Hi all
I have a board with 6 daisy chained AD7687 pulsar ADCs. I have these ADC
connected via a FPGA to an ADSP2186 running at 40MHz. Signals I'm measuring
are in the 45 to 65Hz range. I employ a synchronous sampling mechanism
where the sampling rate is always a 2^N multiple of the incoming base
frequency. In this specific case e.g. for 50Hz the sample rate is
50x128x8=51200Hz.
In the DSP I use autobuffering to buffer 48 samples = 8 samples/channel
between SPORT interrupts.
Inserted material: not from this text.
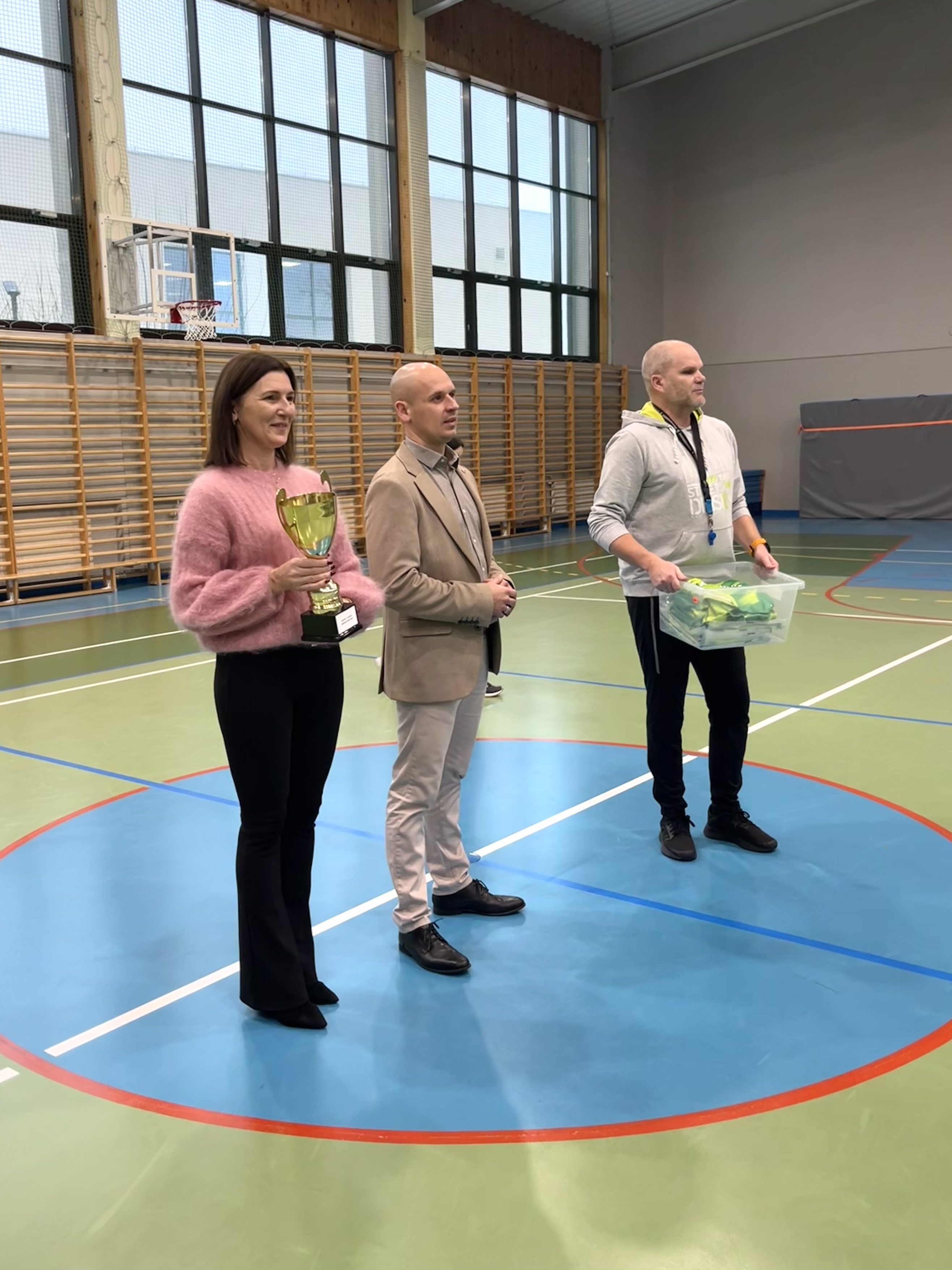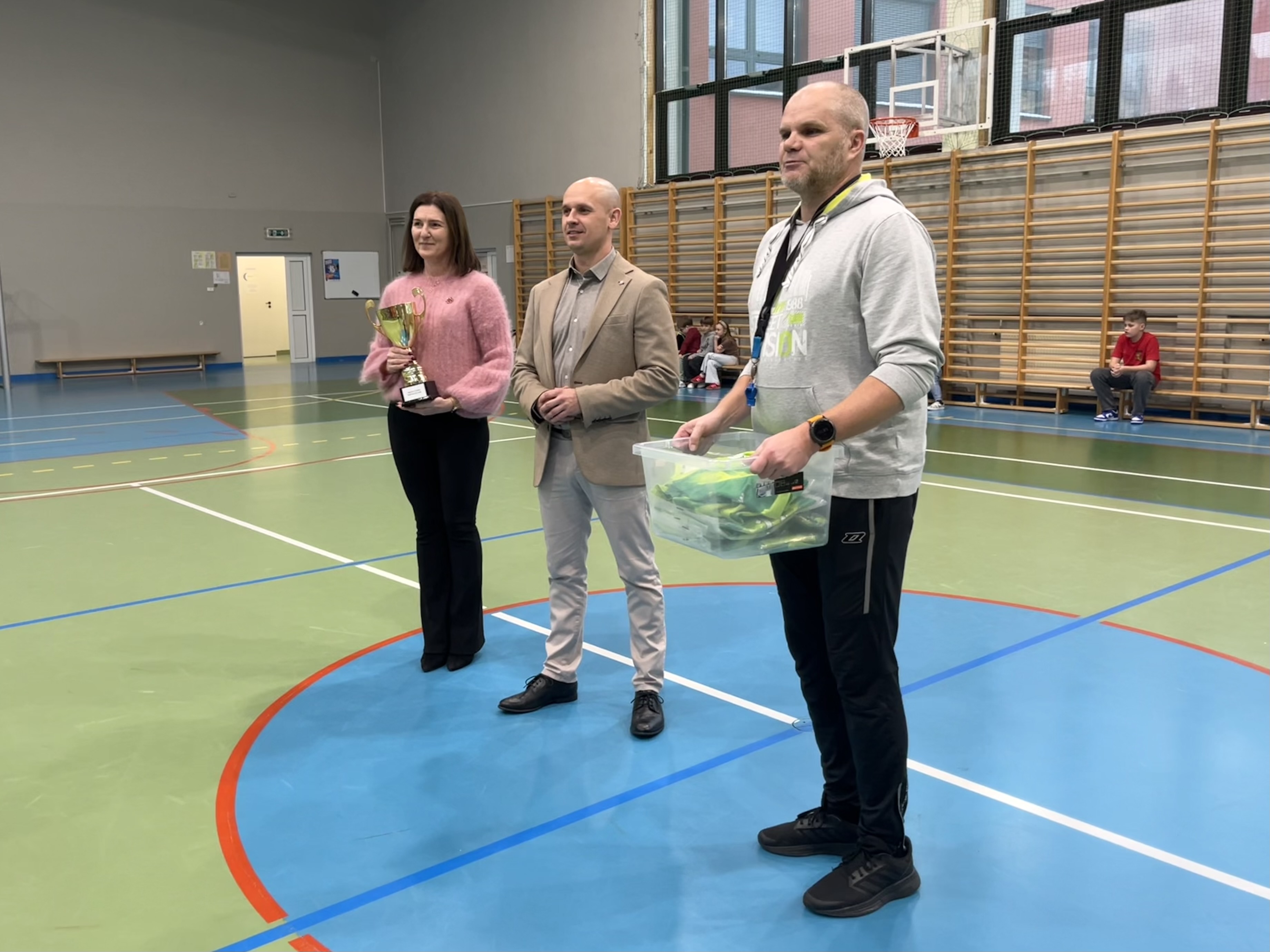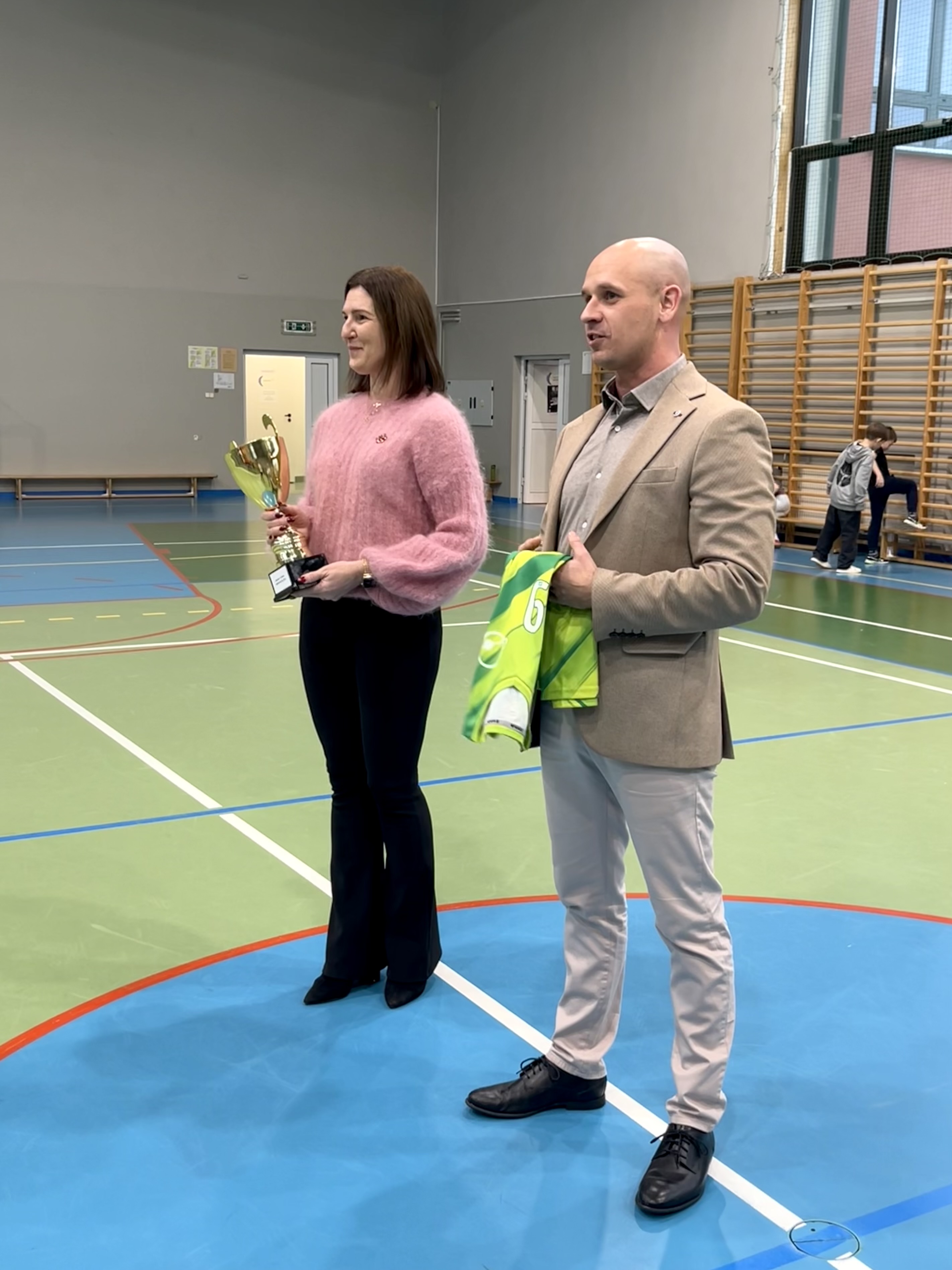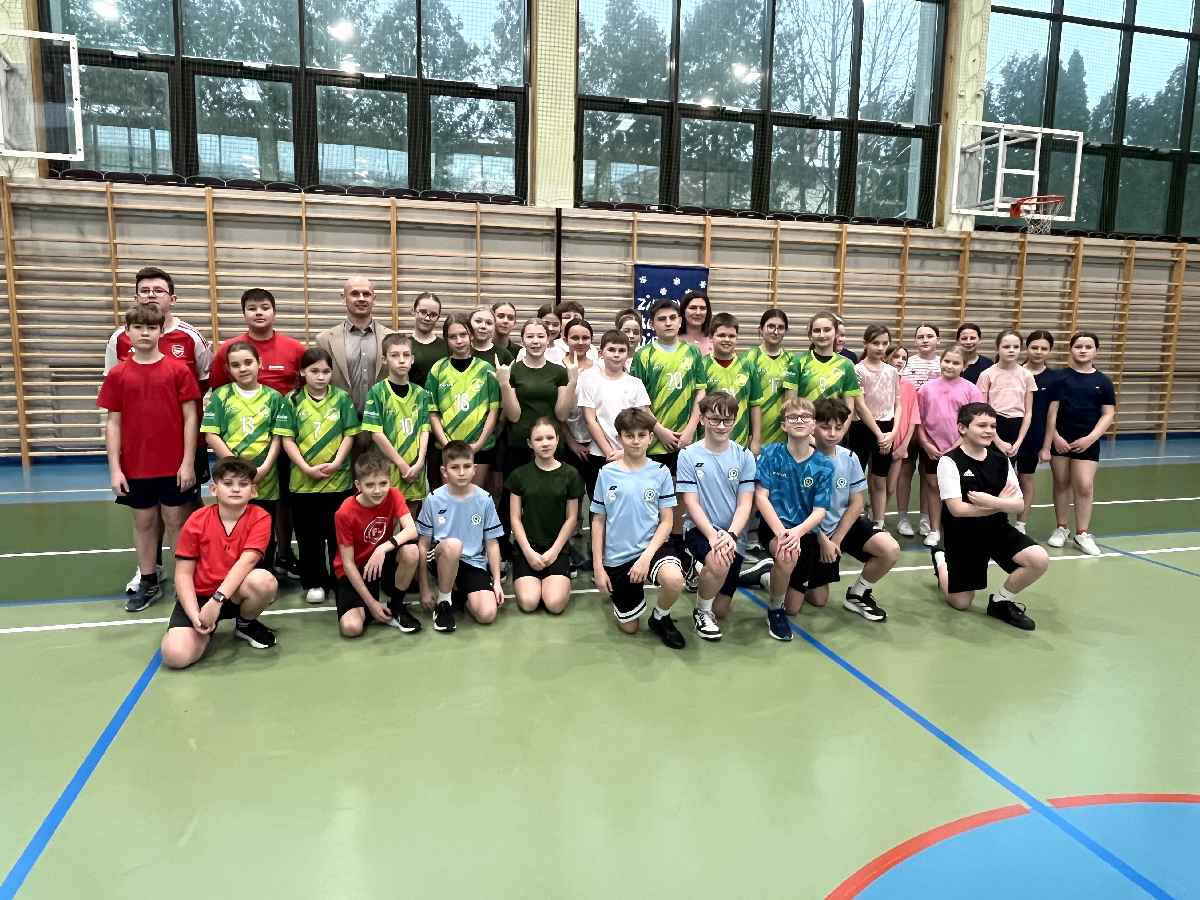 Przekazanie strojów odbyło się podczas oficjalnego rozpoczęcia zimowego turnieju mini piłki ręcznej, który otworzyła dyrektor szkoły, Pani Agnieszka Kowalczyk.

After every autobuffer interrupt I average the 8
samples/channel to give an effective sample rate of 50x128=6400Hz.
The problem I'm having is when I change the input signals frequency to say
60Hz, thus changing the sample rate to 61440Hz, the magnitude of the sampled
signal changes by about -60dB. I verify this by calculating the RMS at both
50 and 60Hz and I get a difference of about 20 counts in 18000. By this I
mean that e.g. if the RMS value (in raw ADC counts) is 18000 at 60Hz, it is
18020 at 50Hz - the weirdest thing is that going down to 45Hz, the RMS value
is again approximately the same as at 60Hz.
I've used two precision AC calibrators (one being a Fluke 6100 power
calibrator) to inject signals into the board - both exibit the same
phenomena.
I've tried with an oversampling of both 4 and 8 (8 in the example above),
with the same result.
Keeping the sample rate fixed at say 61440Hz and varying the input signal
frequency from 45 to 65Hz - the sampled signal magnitude stays the same.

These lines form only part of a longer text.